Скворец №17 (рассказы) - Полетаев Самуил Ефимович 2 стр.


Санька дождался окончания танца, вышел из-за колонны, чтобы потолковать с Чукалдиным по душам, но его опять подхватила Инка Савельева и потащила в круг. Она была отходчива и не помнила обид, однако настырность её превышала всякую норму.

— Сгинь! — шепнул он, ища глазами Сойку, но подойти к ней не успел — начался новый танец. Сойку увел Генка Всточкин и закрутил ее, как заправский танцор.

— Ну, аппендикс, мы с тобой ещё поговорим! — процедил сквозь зубы Санька, несказанно удивляясь: Сойка и на Генку смотрела, как на родного, и это уже попахивало предательством. Саньке стало душно в клубе, он выскочил на крыльцо и увидел малышей, прилипших к окнам.

— Брысь! — крикнул он.

Малыши разлетелись, как воробьи, а Санька, замирая от стыда, приник к окошку и встретился глазами с Никой, искавшей ого в темноте двора. Он нагнулся и продрался сквозь кустарники к беседке. Что же это получается, с тоской подумал он, чувствуя, как забота о сестренке все больше поглощает его. Кто там снопа охмуряет ее? Он поднялся на носки, но ничего не увидел. Тогда ухватился за карниз беседки и вскарабкался на покатую крышу. Там он, разогнувшись, взялся за ветку ясеня и вгляделся в окно. На этот раз возле Сойки увивался Витька Синягин, сельский паренек, всегда непрошеным являвшийся к ним на танцы. И на него Сойка смотрела, как на родственника, и это становилось уже невыносимым. ещё поселяне эти зарятся на их детдомовских девчонок!
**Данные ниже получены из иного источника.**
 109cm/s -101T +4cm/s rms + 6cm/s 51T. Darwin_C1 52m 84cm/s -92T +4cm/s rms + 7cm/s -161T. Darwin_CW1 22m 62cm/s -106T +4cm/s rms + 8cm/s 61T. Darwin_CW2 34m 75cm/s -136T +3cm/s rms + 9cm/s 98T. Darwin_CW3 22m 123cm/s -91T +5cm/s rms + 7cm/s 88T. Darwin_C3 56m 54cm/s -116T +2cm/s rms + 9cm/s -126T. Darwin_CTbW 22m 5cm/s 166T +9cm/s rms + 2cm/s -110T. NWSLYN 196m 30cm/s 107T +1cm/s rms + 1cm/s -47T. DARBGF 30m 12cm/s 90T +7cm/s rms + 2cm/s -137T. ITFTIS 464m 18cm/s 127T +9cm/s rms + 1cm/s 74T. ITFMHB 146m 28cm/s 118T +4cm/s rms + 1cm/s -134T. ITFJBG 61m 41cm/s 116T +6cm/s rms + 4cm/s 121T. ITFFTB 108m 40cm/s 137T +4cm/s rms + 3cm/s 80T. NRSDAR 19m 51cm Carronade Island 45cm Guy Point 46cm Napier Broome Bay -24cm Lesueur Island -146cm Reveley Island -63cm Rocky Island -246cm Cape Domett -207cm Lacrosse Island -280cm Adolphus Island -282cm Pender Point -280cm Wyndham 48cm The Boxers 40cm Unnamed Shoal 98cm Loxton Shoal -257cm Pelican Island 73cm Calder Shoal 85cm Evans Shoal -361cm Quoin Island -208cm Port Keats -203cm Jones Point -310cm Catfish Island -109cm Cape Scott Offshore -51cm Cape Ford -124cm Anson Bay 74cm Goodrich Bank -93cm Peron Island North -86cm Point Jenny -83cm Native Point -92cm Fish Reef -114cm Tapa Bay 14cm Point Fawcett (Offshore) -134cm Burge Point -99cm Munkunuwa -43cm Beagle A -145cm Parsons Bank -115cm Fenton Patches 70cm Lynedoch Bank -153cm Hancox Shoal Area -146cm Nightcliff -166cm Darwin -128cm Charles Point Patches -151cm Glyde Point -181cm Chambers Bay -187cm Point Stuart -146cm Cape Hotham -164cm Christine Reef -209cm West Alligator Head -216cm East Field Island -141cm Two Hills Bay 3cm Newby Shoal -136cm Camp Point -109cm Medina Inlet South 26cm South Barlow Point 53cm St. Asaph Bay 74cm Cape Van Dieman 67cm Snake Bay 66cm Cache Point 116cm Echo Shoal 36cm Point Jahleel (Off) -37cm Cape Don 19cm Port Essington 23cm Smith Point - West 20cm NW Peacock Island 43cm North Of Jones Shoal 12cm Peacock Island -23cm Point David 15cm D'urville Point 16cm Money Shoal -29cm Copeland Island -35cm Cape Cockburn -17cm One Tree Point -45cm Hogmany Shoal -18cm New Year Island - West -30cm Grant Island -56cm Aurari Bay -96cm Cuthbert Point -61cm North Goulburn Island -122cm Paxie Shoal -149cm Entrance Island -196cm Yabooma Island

— Я вот тебе покажу, куркуленок!

И замахнулся рукой, да так, что крыша вдруг поплыла под ногами, закачалась и запрокинулась в небо. Он рухнул вниз, ударился головой о цветочную тумбу, схватился руками за лицо и побрел вперед, склоняясь от боли…

Сорокин сидел возле кровати, широко раскинув колени, и рассматривал Саньку, перевязанного бинтами.

— Ну-ка сожми руку в локте. А теперь собери пальцы в кулак. А улыбнуться можешь? На-ка попробуй яблоко откусить — больно? А я-то думал…

Сорокин был разочарован.

— Вот у меня посмотри… — Он расстегнул рубаху и обнажил на груди рваный, вишневый рубец невероятной величины. — Что скажешь? — Сорокин потрогал рубец с уважением. — А теперь сюда посмотри. — Он оттянул рубаху, изогнулся — под лопаткой зияла ямка глубиной в кулак. — Я тебе ещё кое-что показать могу, да лень раздеваться. По частям меня разбирали, а потом собирали, клепали и сваривали. Два месяца жил без сознания, как чурбан, ел, пил, а ничего не понимал, думали, что так и останусь, а вот видишь — полностью восстановили. А у тебя что? Так — мелкая авария. И чего это тебя на крышу угораздило? За спутником следил? В астрономы собираешься?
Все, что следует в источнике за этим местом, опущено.